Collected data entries
....................
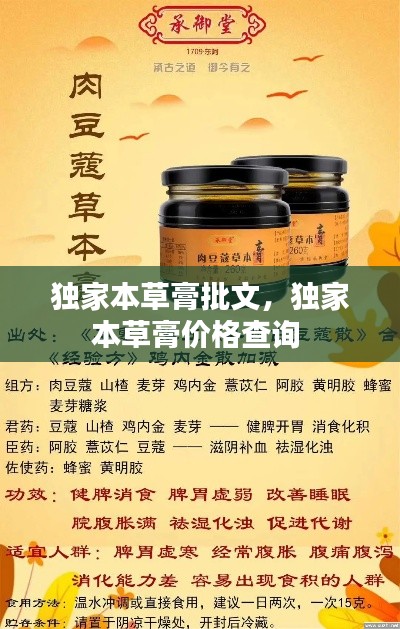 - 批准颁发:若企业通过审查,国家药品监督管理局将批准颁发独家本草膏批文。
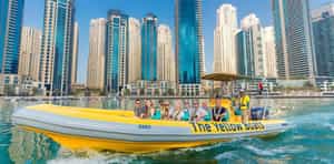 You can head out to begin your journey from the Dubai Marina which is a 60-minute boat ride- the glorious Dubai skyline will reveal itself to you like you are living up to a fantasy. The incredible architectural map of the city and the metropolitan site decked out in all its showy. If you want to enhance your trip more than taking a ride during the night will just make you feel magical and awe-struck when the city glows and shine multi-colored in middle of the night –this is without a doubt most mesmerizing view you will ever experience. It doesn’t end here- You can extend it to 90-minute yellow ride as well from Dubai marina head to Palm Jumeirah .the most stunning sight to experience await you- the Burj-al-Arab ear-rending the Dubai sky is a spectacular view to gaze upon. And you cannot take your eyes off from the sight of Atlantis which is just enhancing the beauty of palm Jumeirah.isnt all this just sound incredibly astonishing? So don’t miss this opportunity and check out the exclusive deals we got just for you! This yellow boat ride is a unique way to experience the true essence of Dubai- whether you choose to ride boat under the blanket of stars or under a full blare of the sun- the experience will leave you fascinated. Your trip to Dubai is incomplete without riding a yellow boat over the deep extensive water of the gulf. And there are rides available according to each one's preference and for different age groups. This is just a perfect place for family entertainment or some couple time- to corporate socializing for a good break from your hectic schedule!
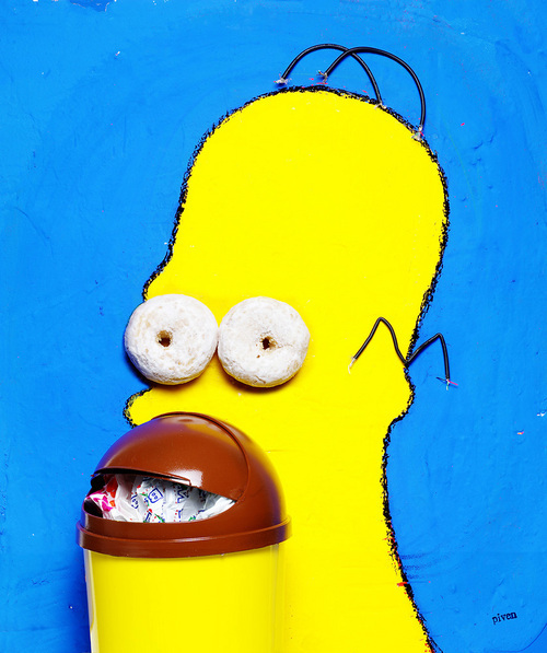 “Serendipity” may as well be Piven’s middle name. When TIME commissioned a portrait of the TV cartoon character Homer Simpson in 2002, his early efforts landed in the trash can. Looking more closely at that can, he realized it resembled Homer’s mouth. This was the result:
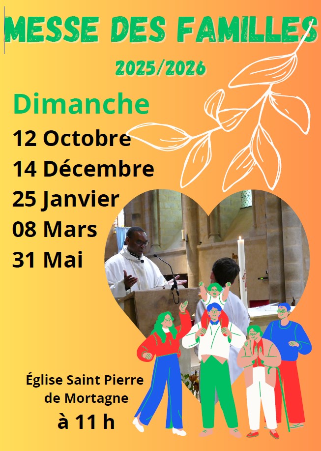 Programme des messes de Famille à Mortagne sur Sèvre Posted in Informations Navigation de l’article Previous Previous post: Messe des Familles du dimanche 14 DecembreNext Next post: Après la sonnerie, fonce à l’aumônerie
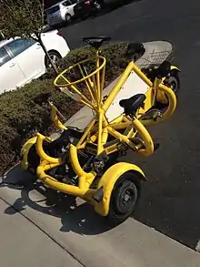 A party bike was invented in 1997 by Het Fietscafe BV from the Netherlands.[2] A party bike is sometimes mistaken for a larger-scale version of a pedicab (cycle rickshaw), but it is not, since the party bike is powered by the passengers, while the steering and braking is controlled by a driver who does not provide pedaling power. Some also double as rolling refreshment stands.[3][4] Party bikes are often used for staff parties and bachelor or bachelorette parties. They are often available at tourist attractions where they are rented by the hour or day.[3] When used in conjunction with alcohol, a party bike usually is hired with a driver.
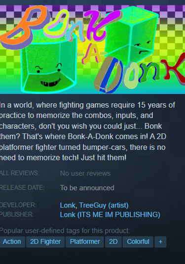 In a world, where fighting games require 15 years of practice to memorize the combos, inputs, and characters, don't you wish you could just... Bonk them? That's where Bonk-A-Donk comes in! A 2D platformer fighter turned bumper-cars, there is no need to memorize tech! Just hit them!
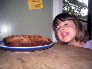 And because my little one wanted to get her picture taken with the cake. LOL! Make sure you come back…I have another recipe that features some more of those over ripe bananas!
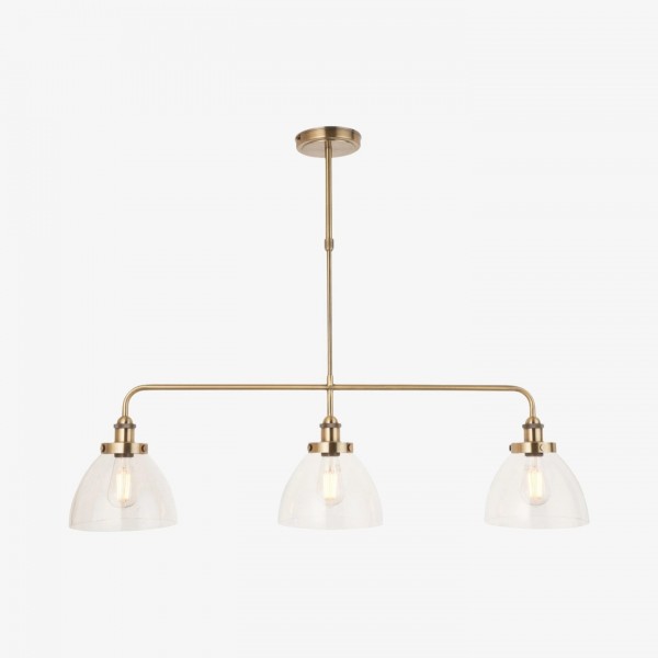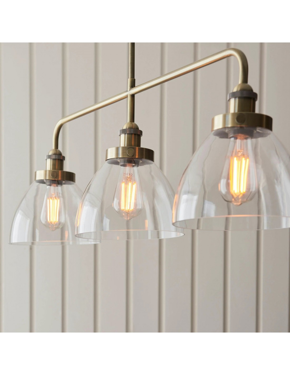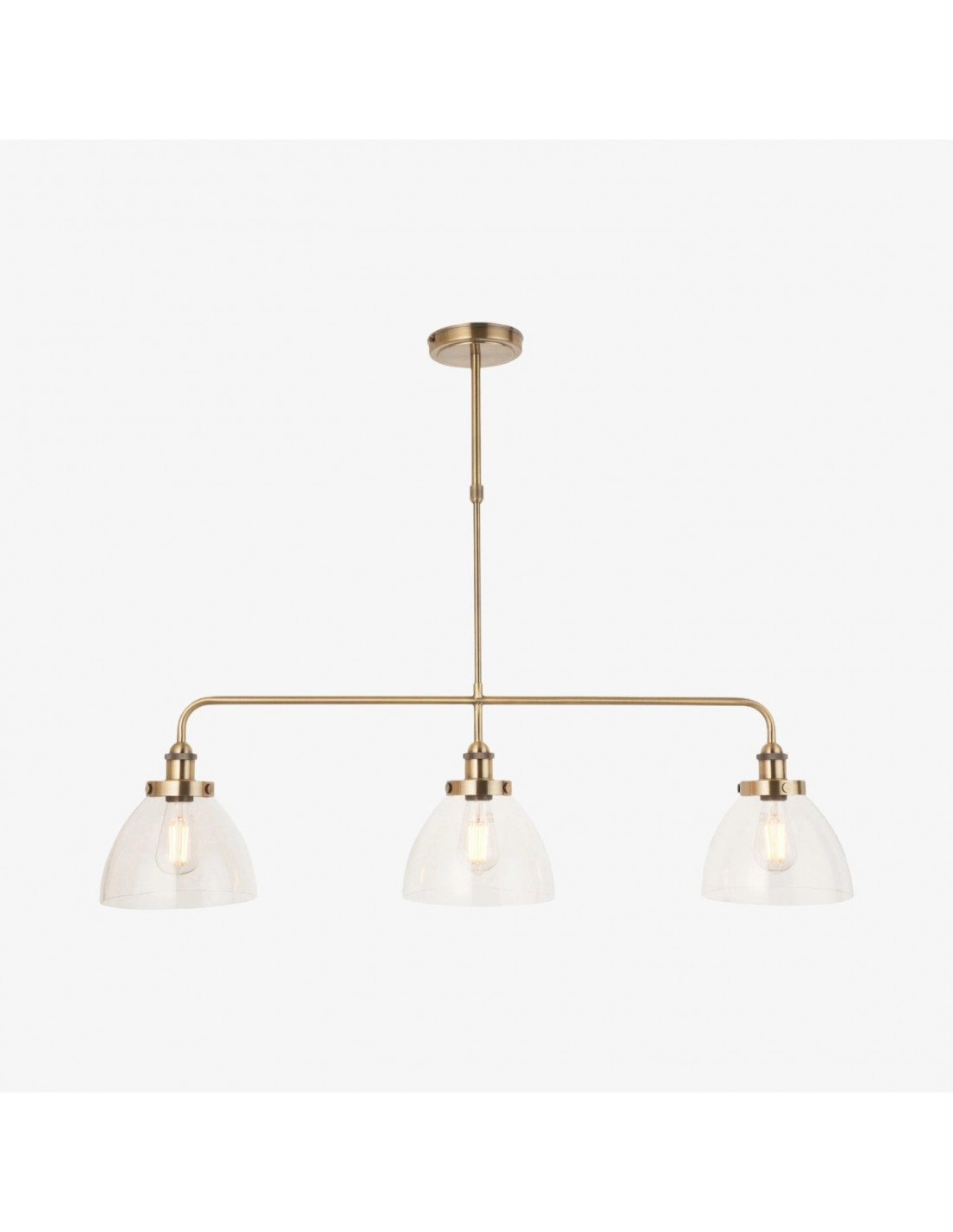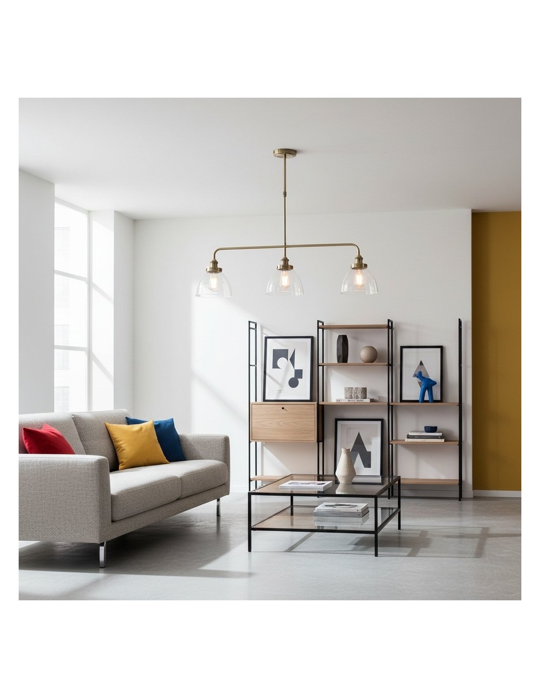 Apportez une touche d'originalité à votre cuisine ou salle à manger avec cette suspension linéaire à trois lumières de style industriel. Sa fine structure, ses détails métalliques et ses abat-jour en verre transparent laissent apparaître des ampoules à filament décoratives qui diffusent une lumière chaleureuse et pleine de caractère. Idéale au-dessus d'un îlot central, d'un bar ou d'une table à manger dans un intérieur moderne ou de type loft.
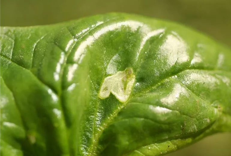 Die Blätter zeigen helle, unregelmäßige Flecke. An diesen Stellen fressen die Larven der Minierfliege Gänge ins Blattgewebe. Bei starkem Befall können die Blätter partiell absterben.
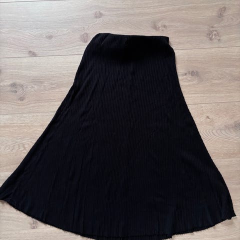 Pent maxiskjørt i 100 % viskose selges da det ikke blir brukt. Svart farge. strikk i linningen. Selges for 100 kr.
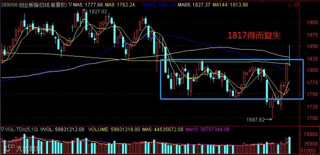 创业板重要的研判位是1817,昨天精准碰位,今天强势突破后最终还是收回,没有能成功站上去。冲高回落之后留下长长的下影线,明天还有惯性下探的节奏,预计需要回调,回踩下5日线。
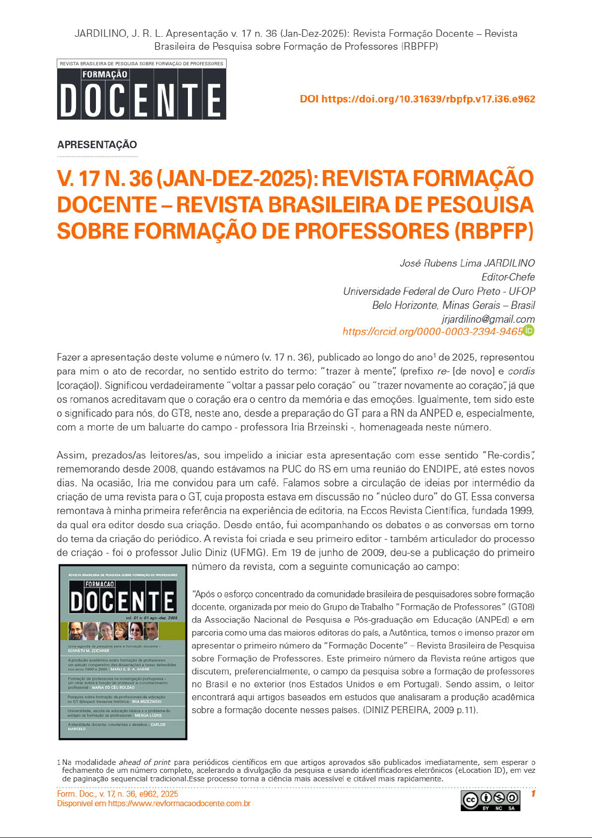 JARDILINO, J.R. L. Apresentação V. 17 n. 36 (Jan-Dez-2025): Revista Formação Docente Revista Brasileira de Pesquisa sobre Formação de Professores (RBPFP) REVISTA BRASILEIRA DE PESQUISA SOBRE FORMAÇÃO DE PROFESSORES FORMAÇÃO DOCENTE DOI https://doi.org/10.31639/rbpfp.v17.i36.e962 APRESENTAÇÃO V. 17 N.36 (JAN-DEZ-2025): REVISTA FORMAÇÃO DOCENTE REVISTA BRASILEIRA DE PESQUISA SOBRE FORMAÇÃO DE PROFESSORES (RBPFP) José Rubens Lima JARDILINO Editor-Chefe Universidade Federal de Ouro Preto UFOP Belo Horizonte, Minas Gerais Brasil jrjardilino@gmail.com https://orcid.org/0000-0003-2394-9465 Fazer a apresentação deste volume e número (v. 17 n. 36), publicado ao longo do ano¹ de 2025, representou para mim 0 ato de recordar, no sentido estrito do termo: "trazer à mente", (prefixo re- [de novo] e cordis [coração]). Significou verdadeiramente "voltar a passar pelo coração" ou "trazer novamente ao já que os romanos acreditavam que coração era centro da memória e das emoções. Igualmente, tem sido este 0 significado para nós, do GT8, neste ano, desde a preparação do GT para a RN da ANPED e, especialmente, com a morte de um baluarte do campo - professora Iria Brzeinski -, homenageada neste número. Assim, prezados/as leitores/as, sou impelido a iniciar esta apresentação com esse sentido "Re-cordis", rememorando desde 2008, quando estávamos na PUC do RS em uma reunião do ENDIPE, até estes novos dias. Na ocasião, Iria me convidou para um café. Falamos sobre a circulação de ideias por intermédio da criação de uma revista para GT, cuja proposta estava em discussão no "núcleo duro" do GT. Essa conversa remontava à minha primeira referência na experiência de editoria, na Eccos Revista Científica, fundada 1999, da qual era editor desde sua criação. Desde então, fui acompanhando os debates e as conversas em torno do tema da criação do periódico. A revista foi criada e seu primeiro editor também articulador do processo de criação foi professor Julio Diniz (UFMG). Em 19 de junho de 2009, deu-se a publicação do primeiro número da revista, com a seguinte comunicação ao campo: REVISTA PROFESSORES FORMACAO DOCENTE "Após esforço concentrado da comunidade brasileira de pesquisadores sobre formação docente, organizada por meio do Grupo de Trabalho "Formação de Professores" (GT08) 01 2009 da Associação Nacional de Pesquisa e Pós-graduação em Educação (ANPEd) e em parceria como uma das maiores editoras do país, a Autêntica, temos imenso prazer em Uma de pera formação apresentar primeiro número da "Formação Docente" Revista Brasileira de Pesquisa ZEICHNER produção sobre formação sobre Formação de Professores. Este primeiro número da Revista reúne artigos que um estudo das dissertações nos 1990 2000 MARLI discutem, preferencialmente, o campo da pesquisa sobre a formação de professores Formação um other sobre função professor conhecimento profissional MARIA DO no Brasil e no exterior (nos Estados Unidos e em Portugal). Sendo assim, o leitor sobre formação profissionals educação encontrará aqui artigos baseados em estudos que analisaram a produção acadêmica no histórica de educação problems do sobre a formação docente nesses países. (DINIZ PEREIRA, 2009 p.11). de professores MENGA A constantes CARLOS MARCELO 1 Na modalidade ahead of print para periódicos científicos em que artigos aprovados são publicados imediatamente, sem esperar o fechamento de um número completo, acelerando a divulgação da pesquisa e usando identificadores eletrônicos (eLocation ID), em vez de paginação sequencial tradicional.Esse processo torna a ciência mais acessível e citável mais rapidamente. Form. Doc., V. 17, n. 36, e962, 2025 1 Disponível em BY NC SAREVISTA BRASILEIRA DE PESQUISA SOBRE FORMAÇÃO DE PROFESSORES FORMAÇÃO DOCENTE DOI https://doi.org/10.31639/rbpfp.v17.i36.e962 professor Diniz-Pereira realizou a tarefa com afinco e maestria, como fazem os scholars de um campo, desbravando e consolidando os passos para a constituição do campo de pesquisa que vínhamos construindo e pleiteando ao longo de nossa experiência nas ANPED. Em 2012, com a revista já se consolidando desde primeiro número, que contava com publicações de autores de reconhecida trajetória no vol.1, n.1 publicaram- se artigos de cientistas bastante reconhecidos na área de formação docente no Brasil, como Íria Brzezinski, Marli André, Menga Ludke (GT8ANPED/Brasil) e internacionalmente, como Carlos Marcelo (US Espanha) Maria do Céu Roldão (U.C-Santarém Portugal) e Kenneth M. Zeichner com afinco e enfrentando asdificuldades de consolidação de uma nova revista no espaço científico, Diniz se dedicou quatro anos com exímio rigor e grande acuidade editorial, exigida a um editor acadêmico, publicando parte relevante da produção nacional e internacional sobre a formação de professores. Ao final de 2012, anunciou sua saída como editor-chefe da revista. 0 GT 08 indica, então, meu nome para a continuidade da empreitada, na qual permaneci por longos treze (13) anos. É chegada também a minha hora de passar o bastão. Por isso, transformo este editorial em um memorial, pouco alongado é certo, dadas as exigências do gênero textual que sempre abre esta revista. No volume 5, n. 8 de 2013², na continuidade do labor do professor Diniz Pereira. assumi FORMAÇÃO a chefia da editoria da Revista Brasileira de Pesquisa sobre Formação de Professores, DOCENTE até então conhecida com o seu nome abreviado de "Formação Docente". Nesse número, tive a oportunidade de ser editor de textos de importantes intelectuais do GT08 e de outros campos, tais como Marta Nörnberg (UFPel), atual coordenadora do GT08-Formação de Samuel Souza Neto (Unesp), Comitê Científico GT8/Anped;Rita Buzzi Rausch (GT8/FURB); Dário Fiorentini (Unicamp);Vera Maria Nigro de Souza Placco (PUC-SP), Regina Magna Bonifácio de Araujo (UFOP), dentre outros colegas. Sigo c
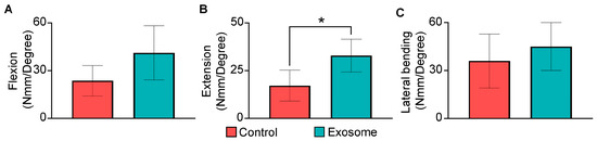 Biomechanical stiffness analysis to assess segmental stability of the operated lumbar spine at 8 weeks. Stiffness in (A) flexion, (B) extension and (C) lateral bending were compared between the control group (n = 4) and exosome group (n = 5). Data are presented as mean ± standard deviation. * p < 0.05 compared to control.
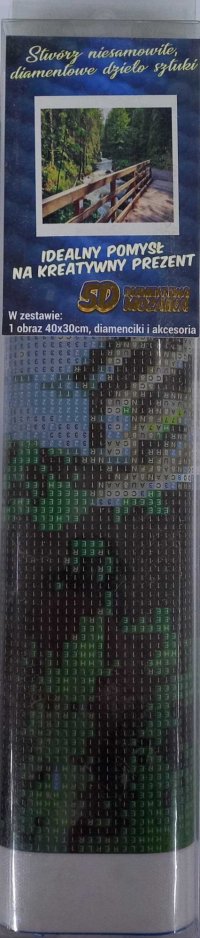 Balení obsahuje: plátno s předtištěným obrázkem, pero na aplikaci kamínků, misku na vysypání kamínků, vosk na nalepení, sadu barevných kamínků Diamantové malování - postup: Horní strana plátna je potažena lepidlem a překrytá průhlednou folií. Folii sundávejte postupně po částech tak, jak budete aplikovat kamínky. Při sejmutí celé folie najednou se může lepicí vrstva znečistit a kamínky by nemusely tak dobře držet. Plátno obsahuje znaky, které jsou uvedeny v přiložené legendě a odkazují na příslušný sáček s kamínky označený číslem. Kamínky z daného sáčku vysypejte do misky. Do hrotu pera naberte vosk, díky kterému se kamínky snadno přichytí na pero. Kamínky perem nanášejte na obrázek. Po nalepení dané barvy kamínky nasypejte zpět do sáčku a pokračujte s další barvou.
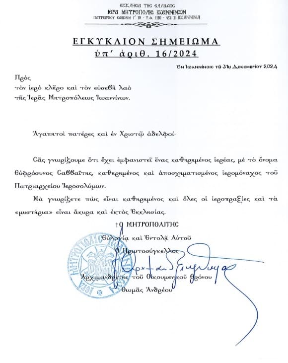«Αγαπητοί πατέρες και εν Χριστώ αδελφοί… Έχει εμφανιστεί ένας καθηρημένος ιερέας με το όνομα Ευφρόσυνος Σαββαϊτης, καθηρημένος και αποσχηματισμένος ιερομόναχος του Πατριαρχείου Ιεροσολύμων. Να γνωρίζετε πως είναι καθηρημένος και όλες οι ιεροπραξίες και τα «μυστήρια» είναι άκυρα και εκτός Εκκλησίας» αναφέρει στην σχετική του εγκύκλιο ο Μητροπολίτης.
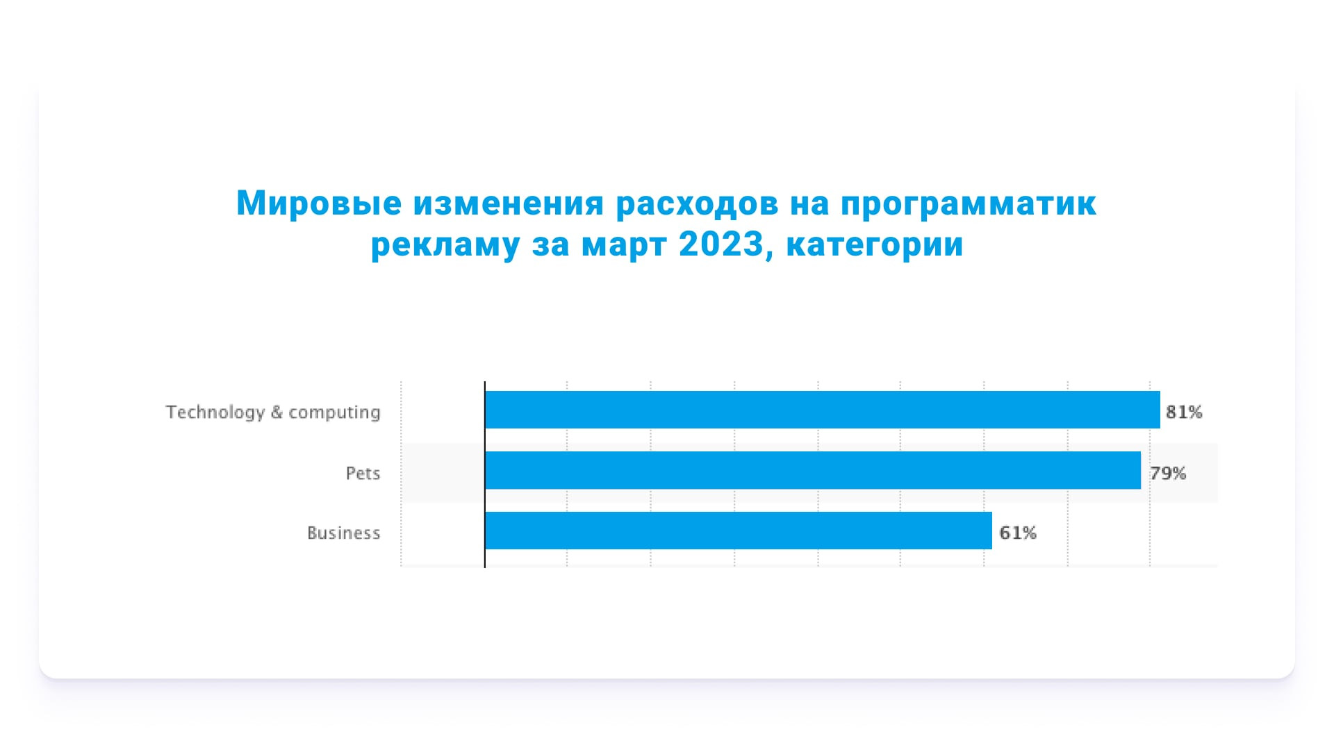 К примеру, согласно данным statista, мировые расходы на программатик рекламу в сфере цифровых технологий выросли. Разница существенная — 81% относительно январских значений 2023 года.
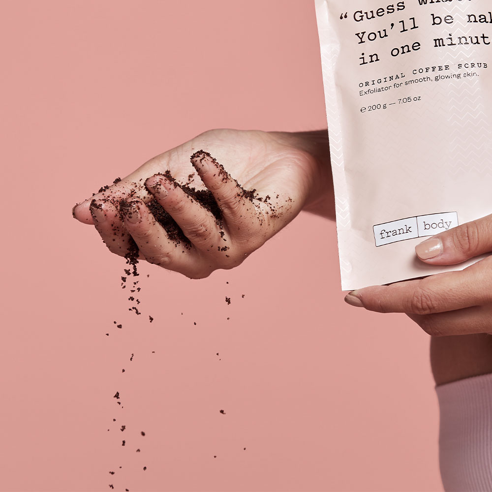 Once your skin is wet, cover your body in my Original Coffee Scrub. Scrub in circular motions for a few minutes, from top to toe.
....................
— YOUR INSTRUCTIONS —
What you return must match, character for character, the lines above from the one with "Balení obsahuje: plátno" through the one with "εγκύκλιο ο Μητροπολίτης.", minus any pictures.

— RESPONSE TO THIS TASK —
 Balení obsahuje: plátno s předtištěným obrázkem, pero na aplikaci kamínků, misku na vysypání kamínků, vosk na nalepení, sadu barevných kamínků Diamantové malování - postup: Horní strana plátna je potažena lepidlem a překrytá průhlednou folií. Folii sundávejte postupně po částech tak, jak budete aplikovat kamínky. Při sejmutí celé folie najednou se může lepicí vrstva znečistit a kamínky by nemusely tak dobře držet. Plátno obsahuje znaky, které jsou uvedeny v přiložené legendě a odkazují na příslušný sáček s kamínky označený číslem. Kamínky z daného sáčku vysypejte do misky. Do hrotu pera naberte vosk, díky kterému se kamínky snadno přichytí na pero. Kamínky perem nanášejte na obrázek. Po nalepení dané barvy kamínky nasypejte zpět do sáčku a pokračujte s další barvou.
«Αγαπητοί πατέρες και εν Χριστώ αδελφοί… Έχει εμφανιστεί ένας καθηρημένος ιερέας με το όνομα Ευφρόσυνος Σαββαϊτης, καθηρημένος και αποσχηματισμένος ιερομόναχος του Πατριαρχείου Ιεροσολύμων. Να γνωρίζετε πως είναι καθηρημένος και όλες οι ιεροπραξίες και τα «μυστήρια» είναι άκυρα και εκτός Εκκλησίας» αναφέρει στην σχετική του εγκύκλιο ο Μητροπολίτης.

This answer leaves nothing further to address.